Dino, I learn from my betters all the time … but you are definitely not among them. I suspect you could be, but instead you spend all of your time attacking me instead of showing what’s wrong with my ideas.
Which is why I usually just let your attacks float on by. But in this case, I had hope, because you actually and most unusually made a scientific comment instead of your usual meaningless, uncited attack on my abilities, my style, or my knowledge.
But that didn’t last long. One comment from me on your scientific claims and you abandon them with no defense, instead you’re back to slinging mud …
Sorry, son, not impressed. Come back when you’ve grown up and you wish to discuss other peoples’ ideas and not their learning styles …
w.
The future climate is not chaotic:
It is always getting hotter, with 105% certainty, er, uh, I mean 95% certainty!
The past climate is very chaotic:
It is changing every year, sometimes more than once a year, and as a result of these adjustments, re-adjustments, and re-re-re-adjustments, the historical average temperature data are in a permanent state of chaos .. or perhaps I should say in limbo.
So many half thoughts. When you aren’t specific you come across as someone with a thesaurus on his knees.
My seat of the pants thinking is this: There is a millennial scale cycle that rules thusly: based on orbital mechanics solar insolation shifts also shifts the ITCZ important global oceanic-atmospheric teleconnected systems driving whether or not there is a continued net disgorgement of heat from the oceans (which occurs rapidly), or a jagged recharge which results in the typical downward steps observed in the paleo-reconstruction due to the continued recharging of ocean heat, leaving us without benefit.

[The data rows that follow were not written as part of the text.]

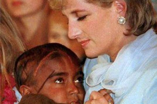 La Princesa de Gales abraza a un niño enfermo de cáncer en Lahore en febrero de 1997.
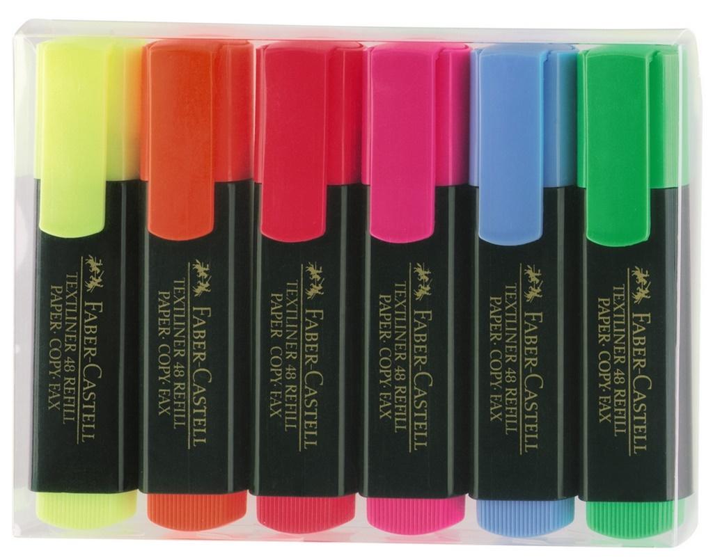 bardzo wysokiej jakości zakreślacz możliwość ponownego napełniania idealny do wszystkich rodzajów papieru atrament na bazie wody linia podkreślenia o szerokości 5, 2 lub 1 mm 6 kolorów w etui
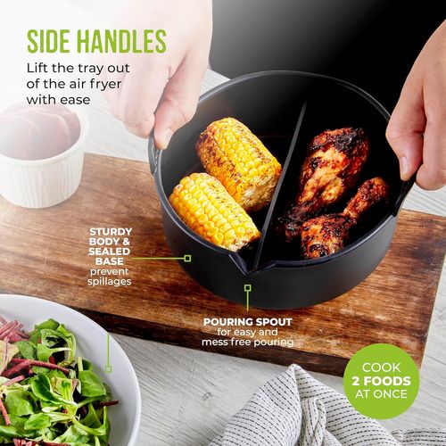 Perfect for use in any 4L Tower air fryer or oven, the side handles make it easier to lift each tray out of the air fryer for added safety. The sealed base allows for a greater choice of delicious recipes, such as mouth-watering pasta bakes, succulent pies or juicy apple crumbles
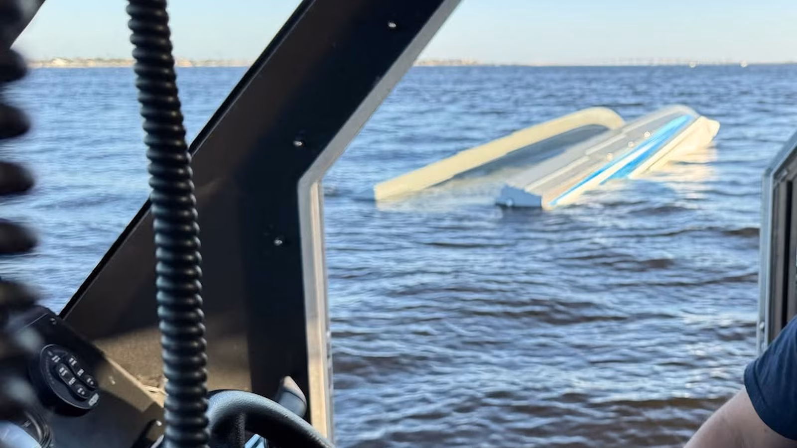 An overturned catamaran is seen, November 29, 2025, through the window of a rescue boat after an accident that killed three of the vessel’s passengers and left one in critical condition, officials said.

In terms of what puny humans experience in our life times, it sure feels chaotic. But over the course of 10’s of 1000’s of years, it is anything but chaotic. The metronome of Earth’s orbital mechanics makes it non-chaotic.
http://www.climategeology.ethz.ch/publications/2014_Schneider_et_al.pdf
Earth’s climate system is random and chaotic is more correct then saying the earth’s climate is stable.
Chaotic is in the eyes of the beholder. The earth’s climate having the ability to go from a glacial state to a glacial state and have abrupt climate changes at times satisfies chaotic for my way of thinking.
A non chaotic climate would be a global temperature changed over 1000’s of years that varied by less then 1C which we know is not the case although the overall global temperature change from glacial to inter glacial periods is perhaps ONLY between 4-7C.
That being deceiving due to the fact that the tropics relatively small temperature changes from glacial versus inter- glacial periods of time tempers the global total temperature change.
In closing a measure of how chaotic the climate is should be what impact does it have upon humanity and from this approach I would say the climate changes sufficiently enough to have a very big impact on humanity which makes the climate chaotic regardless.
The climate is random due to the fact it is subject to random extra terrestrial events and random terrestrial events.
It is chaotic because the climate is always a reflection of everything that is effecting it at a given time and all the forces that effect the climate at a given time are never the same ranging from land/ocean arrangements, to solar variability , to Milankovitch Cycles, geo magnetic field strength, lunar influences, the ice dynamic etc etc.